Family, a Restaurant Fave and a Food Fail…

I made another quinoa dish on Sunday night, with a home-made, rather than shop-bought, tzatziki.

I had just made my blueberry clafoutis and was feeling like a kitchen goddess, so I confidently knocked up my quinoa (keen-wah, keen-wah, keen-wah) just like  last time.

With that burbling away on the stove, I grabbed the carrot tzatziki recipe I’d ripped from the pages of the Sunday Times Style mag, belonging to my dad’s local pub, earlier that morning.

I barely looked at the instructions, just started chopping away at cucumber, upended half a tub of Greek yoghurt into a dish, threw in the cucs, added a clove of minced garlic – as per instructions, swooshed in 2bsp of extra virg, ripped leaves from Mandy the mint plant and started shredding them in…

Then I seasoned with salt and pepper, mixed and tasted. Boooo. It tasted more like a garlic dip than the fresh, cool, almost bland taste you want from a tzatziki. But then I wasn’t following a recipe for a cucumber tzatziki, damn it, I had forgotten myself. Alas, I was all undone.

This cavalier approach also resulted in me forgetting to roast the tomatoes for the quinoa.

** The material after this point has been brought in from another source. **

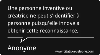 Une personne inventive ou créatrice ne peut s'identifier à personne puisqu'elle innove à obtenir cette reconnaissance.

“Ah well,” I thought, still feeling a little Lorraine Pascale: “I will just use non-roasted tomatoes and chuck them in with my  vinegary dressing.” I also chucked in chunks of pretend feta. Sainso’s Be Good To Yourself ‘light greek salad cheese’ (?) to be precise.

And it was… okay… but probably all just a bit too garlicky and acidic. The tzatziki would have been much better without the clove of garlic and the quinoa needed sweet roasted tomatoes to balance the vinegar and onion dressing. Listen to me, I’m Greg Wallace. It was a lesson learnt though and I seem to have the quino down at least.

The kitchen was due a breather.

So on Monday, a group of us (J, sister Tash, and my uncles) went to Banners in Crouch End.


Banners is a legend on the north London foodie scene. Based on Park Road and regularly name-checked by celeb fans, it does big, big tasty portions of Caribbean and fusion food. It’s always packed to the knick-knacked rafters and the atmos and exotic playlist are as just as tasty. I had Jamaican prawn roti, with rice and peas, and homemade coleslaw. J had jerk chicken (for a change) with massive side salad and chips.

My uncle had a jerk chicken salad – a salad in name only. Frank had a lamb burger and T had the veggie chilli.


Banners isn’t cheap. Mains sway around the £13-£16 mark, which for a Monday night can feel like an extravagance – but you massively get what you pay for.

Our little tribe was happy. Banners was happy. And the kitchen back home was happy.